その姿に当初の威厳はさほど感じず、ただ疲れたひとりの中年の男のような印象を抱いた。
「……あやつが行使したとされる闇の力の痕跡を、調べなければならぬ」
「――陛下っ」
スフェルが、前へ歩み出た。彼はどこか焦っている様子だ。
「発言をお許しください。実は、こちらのネイロン。魔王の戦いを控え、闇の力を理解しようと学びました。むろん、彼は国への献身と王への忠誠心に満ち溢れており、邪心はありませぬ。――このとおり、クロンもそれを証明しております」
スフェルは素早くそう言って、マーティの手からクロンを取り上げ、ネイロンに近づけた。

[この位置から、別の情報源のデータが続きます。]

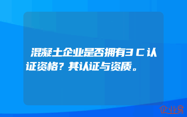 - 混凝土企业是否拥有3C认证资格?其认证与资质。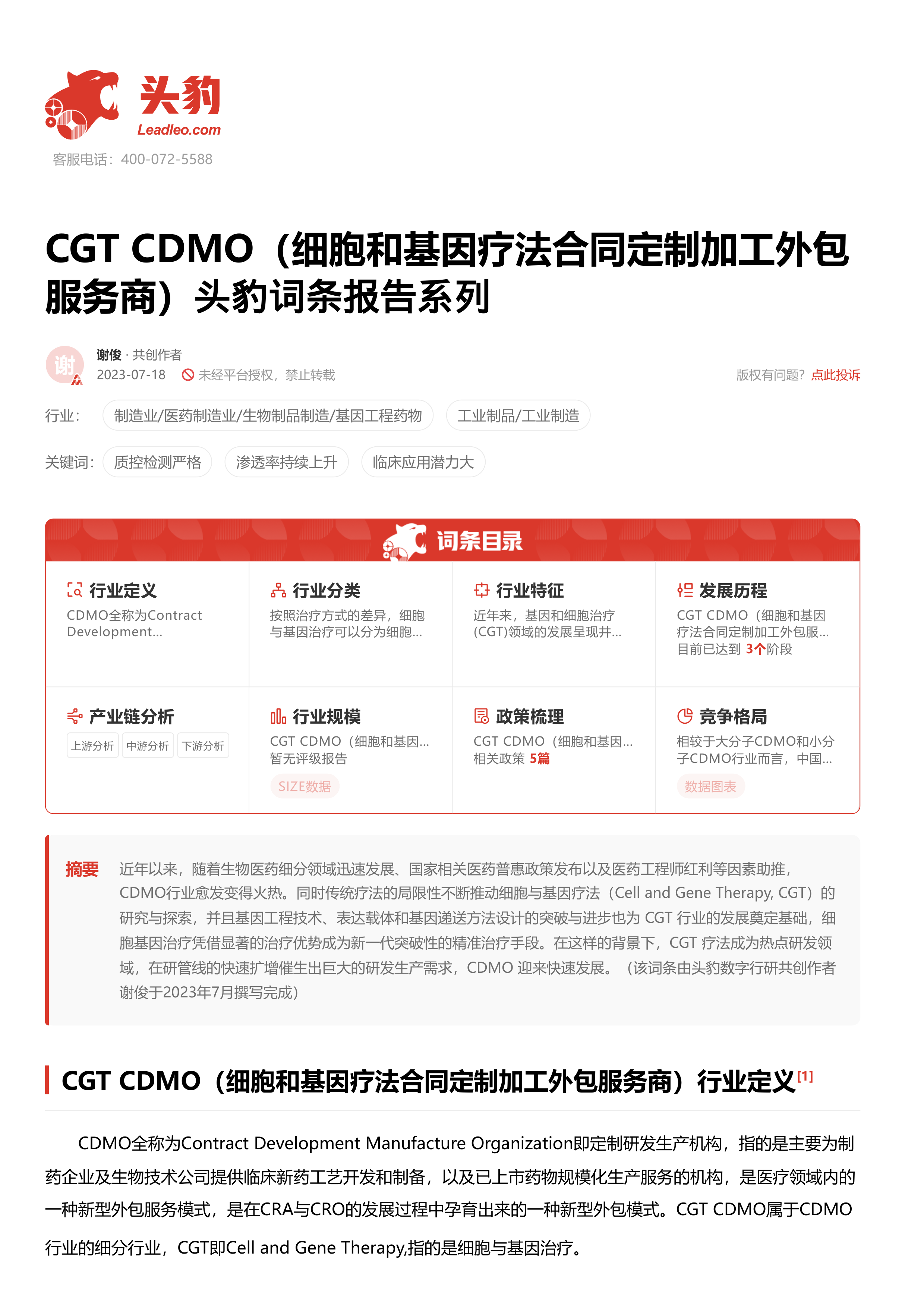 CGT CDMO(细胞和基因疗法合同定制加工外包服务商) 头豹词条报告系列

途端にネイロンは目を泳がせつつ背筋を正す。クロンは、彼に対してなんの反応も示さなかった。
闇の痕跡を調べる、と聞いて、魔王がネイロンに与えた影響のことを指摘されるかもしれないと、スフェルは危ぶんだようだ。
だが、いささか悪目立ちしているような気がしてならない。マーティは、はらはらとしながら様子を伺う。
王は、再びため息を吐いた。
「よい。……貴君らのことは信頼している」
彼は頭を押さえたまま、片手を振って合図をする。
その寛大な言葉に、スフェルたちは安堵した。
「……マティアスよ。貴君の功績は魔王討伐のみならず、我が国に巣食う、もうひとつの巨大な闇を暴き出した。……感謝する」
「も、もったいなきお言葉です」
この国で一番貴いとされる存在に頭を下げられ、マーティは萎縮をしながら、ぎこちなく礼をする。
そんな初々しい若者の様子に、王は、この場で初めて苦笑を漏らした。
「勇敢な若者よ。いま一度、貴君の望みを聞こう」
王は、そう問うた。マーティは、いまさらになって緊張をおぼえて唾を呑む。
仲間に見守られる中で、彼は――ゆっくりと口を開いた。